The widespread adoption of these products – nearly four in ten U.S. residents reported using a conversational AI in 2024, with over a quarter specifying ChatGPT by name – is, in large part, based on the power of this perception. Chatbots are ever-present partners that can, as per OpenAI’s official site states, “generate ideas,” “discuss concepts” and “collaborate” with us. They can be attributed “characteristics”. They can call us by name. They have accessible names of their own (the initial of these tools, ChatGPT, is, possibly to the concern of OpenAI’s brand managers, stuck with the name it had when it became popular, but its largest alternatives are “Claude”, “Gemini” and “Copilot”).

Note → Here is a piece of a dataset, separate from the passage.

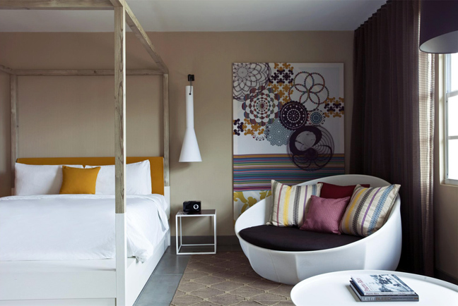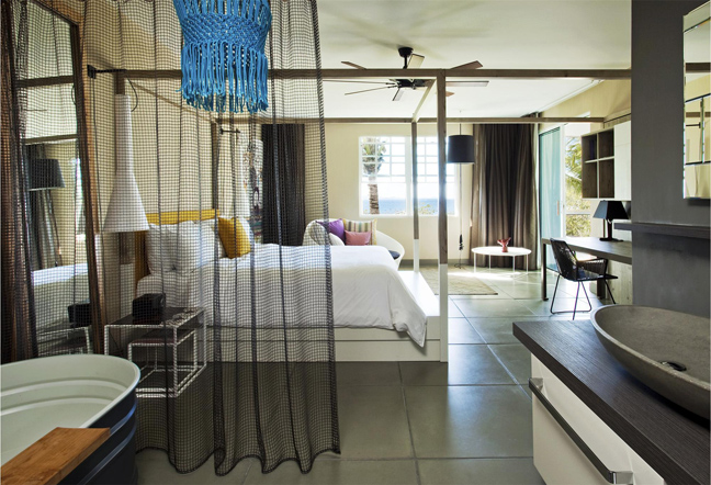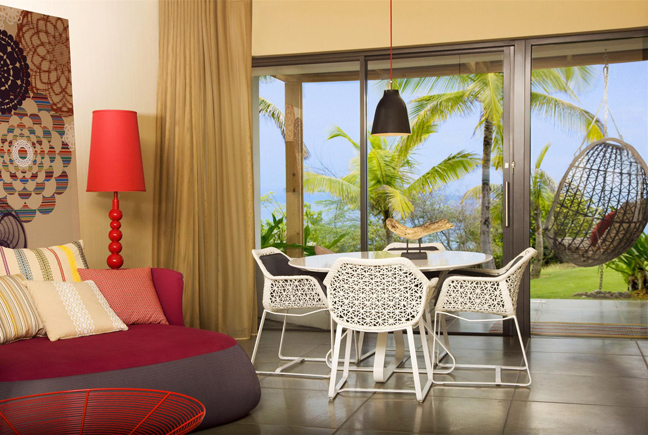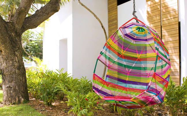 Έντονες χρωματικές πινελιές στα υφάσματα, τα μαξιλάρια και τα διακοσμητικά αντικείμενα δίνουν έναν νεανικό αέρα στους χώρους, στους οποίους δεσπόζουν τα παιχνιδιάρικα έπιπλα, όπως οι πολύχρωμες συρμάτινες πολυθρόνες, τα διπλά κρεβάτια και οι μπανιέρες από χάλυβα.
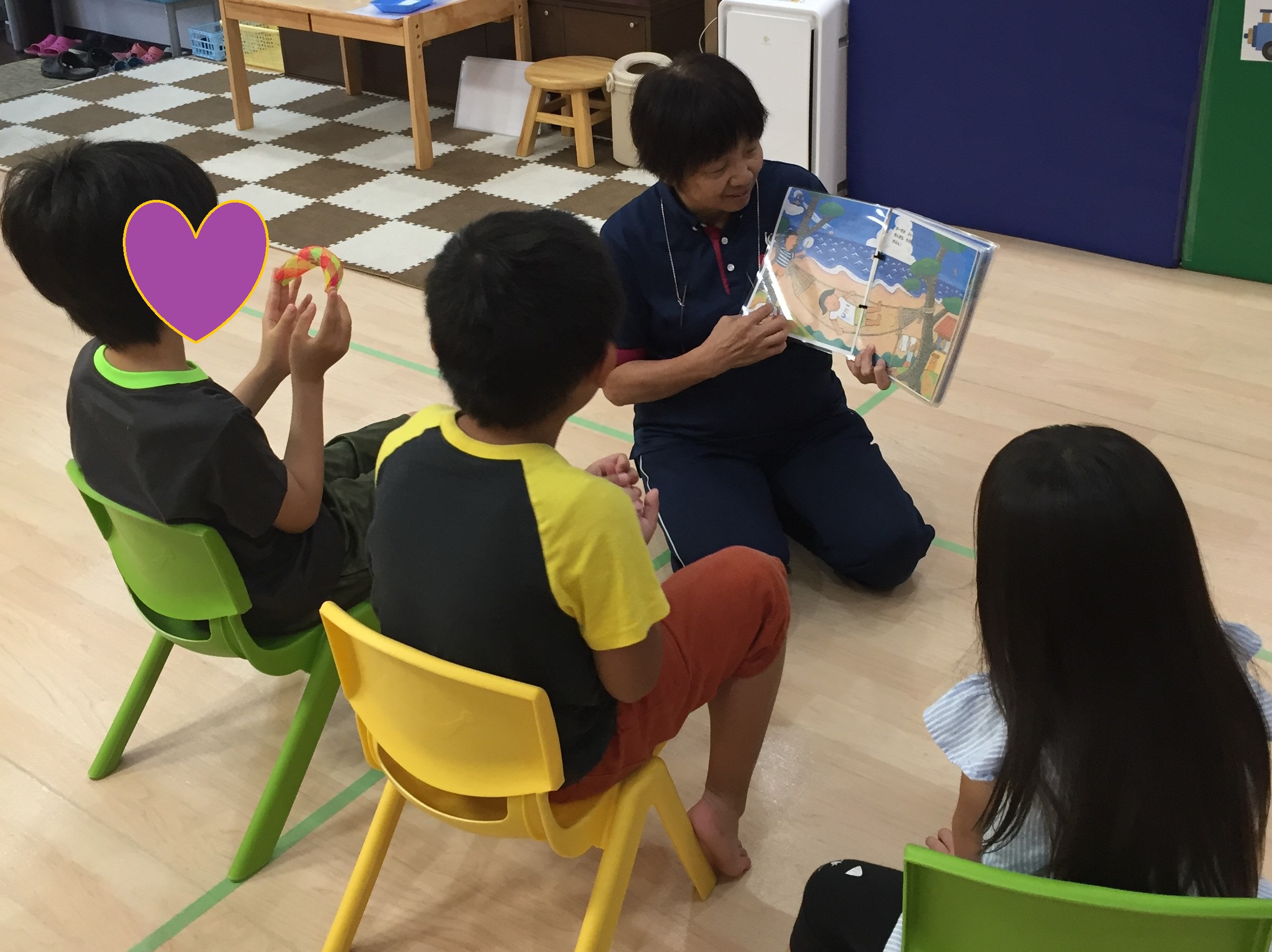 今回は遊びのテーマである『海』をイメージできるように「おーなみこなみざぶん!」という絵本から始まりました。昼間の明るい海や夕方の海、花火があがる夜の海、かき氷屋さん、夕立など夏を感じることができるたくさん場面を見ながら気持ちも一緒にわくわくしましたね。

The illusion by itself is not the core concern. Those analyzing ChatGPT often mention its distant ancestor, the Eliza “psychotherapist” chatbot created in 1967 that generated a comparable illusion. By contemporary measures Eliza was primitive: it generated responses via basic rules, often paraphrasing questions as a inquiry or making general observations. Remarkably, Eliza’s inventor, the computer scientist Joseph Weizenbaum, was astonished – and worried – by how many users appeared to believe Eliza, to some extent, understood them. But what contemporary chatbots create is more subtle than the “Eliza phenomenon”. Eliza only mirrored, but ChatGPT magnifies.

The advanced AI systems at the heart of ChatGPT and other contemporary chatbots can effectively produce natural language only because they have been fed immensely huge quantities of written content: publications, digital communications, recorded footage; the more extensive the more effective. Undoubtedly this learning material includes accurate information. But it also inevitably includes fabricated content, incomplete facts and misconceptions. When a user inputs ChatGPT a prompt, the core system processes it as part of a “setting” that encompasses the user’s recent messages and its prior replies, integrating it with what’s stored in its learning set to generate a statistically “likely” response. This is amplification, not reflection. If the user is mistaken in any respect, the model has no means of comprehending that. It reiterates the false idea, perhaps even more convincingly or eloquently. Perhaps includes extra information. This can cause a person to develop false beliefs.

What type of person is susceptible? The more relevant inquiry is, who isn’t? Each individual, regardless of whether we “possess” preexisting “psychological conditions”, are able to and often create erroneous ideas of our own identities or the environment. The constant interaction of dialogues with other people is what maintains our connection to common perception. ChatGPT is not a human. It is not a confidant. A interaction with it is not truly a discussion, but a echo chamber in which a large portion of what we express is readily supported.

OpenAI has recognized this in the similar fashion Altman has recognized “psychological issues”: by attributing it externally, giving it a label, and declaring it solved. In the month of April, the organization explained that it was “addressing” ChatGPT’s “sycophancy”. But reports of loss of reality have continued, and Altman has been walking even this back. In August he asserted that many users liked ChatGPT’s replies because they had “never had anyone in their life provide them with affirmation”. In his latest announcement, he commented that OpenAI would “launch a new version of ChatGPT … in case you prefer your ChatGPT to answer in a extremely natural fashion, or use a ton of emoji, or behave as a companion, ChatGPT will perform accordingly”. The {company

Christopher Vincent
Christopher Vincent

Tech enthusiast and business strategist with a passion for driving innovation and sharing actionable insights.